In recent years due to the technological advances in imaging techniques, which have undoubtedly
improved diagnostic accuracy and resulted in improved patient care, the utilization of ionizing
radiation in diagnostic imaging has significantly increased. Computed tomography is the major
contributor to the radiation burden, but fluoroscopy continues to be a mainstay in paediatric radiology.
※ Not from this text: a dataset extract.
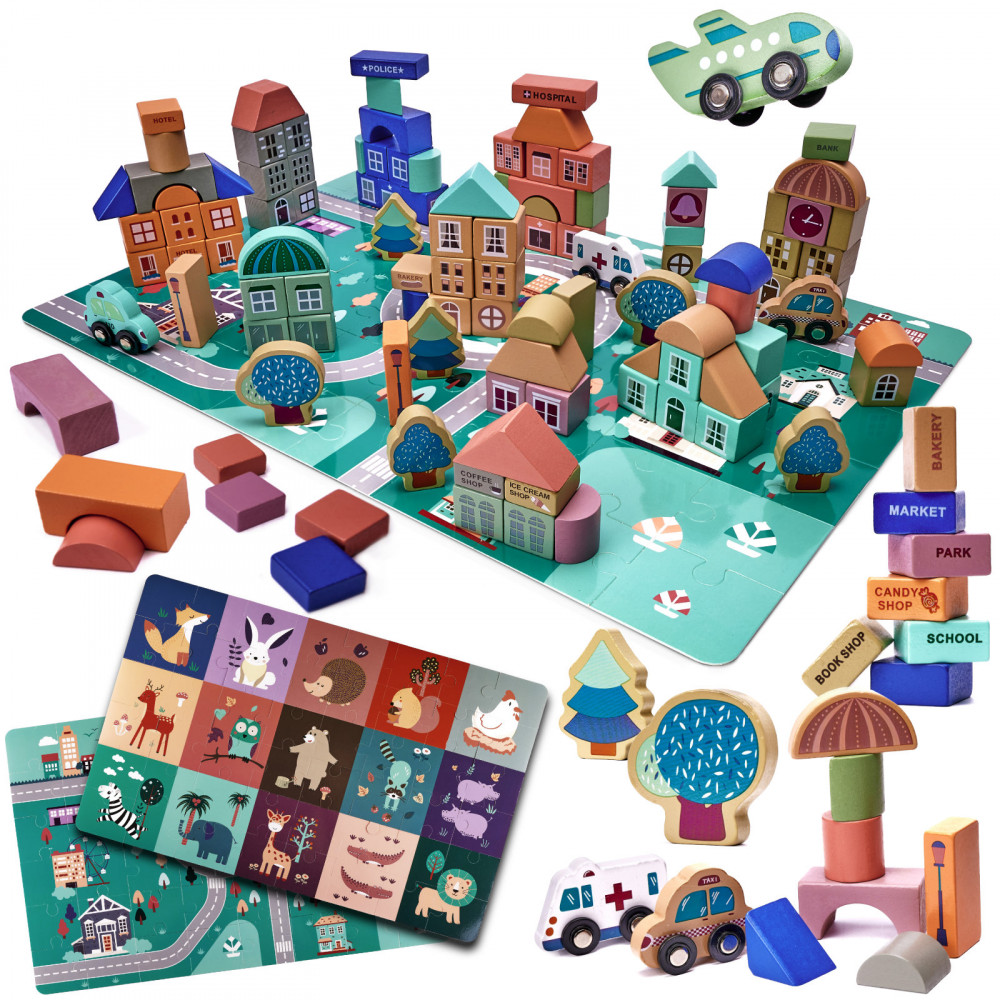 Egy készlet fából készült 133elem blokk. Hasznosnak bizonyulnak a számolás tanításához és a színnevek elsajátításához. Lehetővé teszik a gyermek számára, hogy egy igazi építész szerepét érezze. A téglák között: épületek, járművek, betűk és számok. A szőnyeg méretei: 48x38cm. A blokk méretei: kb. 3x3x3cm.
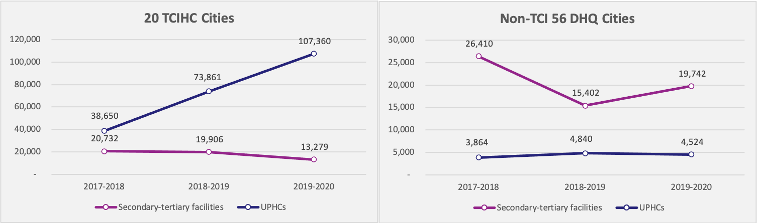 These efforts not only led to increases in annual client volume and improvements in method mix but also the decongestion of district level facilities. For the 20 TCIHC-supported cities, IUCD uptake at UPHCs increased by more than 230% from approximately 33,000 in 2017-18 to over 100,000 in 2019-2020, according to HMIS.

The rise in the use of ionizing radiation is of particular concern with regard to the paediatric population,
as they are up to 10 times more sensitive to the effects of radiation than adults, due to their increased
tissue radiosensitivity, increased cumulative lifetime radiation dose and longer lifetime in
which to manifest the effects. This article will review the estimated radiation risk to the child from diagnostic
imaging and summarise the various methods through which both the paediatrician and radiologist can practice
the ALARA (As Low As Reasonably Achievable) principle, which underpins the safe practice of radiology. Emphasis is
on the justification for an examination, i.e. weighing of benefits versus radiation risk, on the appropriate utilization of
other, non-ionizing imaging modalities such as ultrasound and magnetic resonance imaging, and on optimisation of a
clinically indicated examination. It is essential that the paediatrician and radiologist work together in this decision making
process for the mutual benefit of the patient. The appropriate practical application of ALARA in the workplace is crucial
to the radiation safety of our paediatric patients.
Keywords: ALARA principle, diagnostic imaging, paediatric imaging, radiation exposure, radiation protection, radiation risks.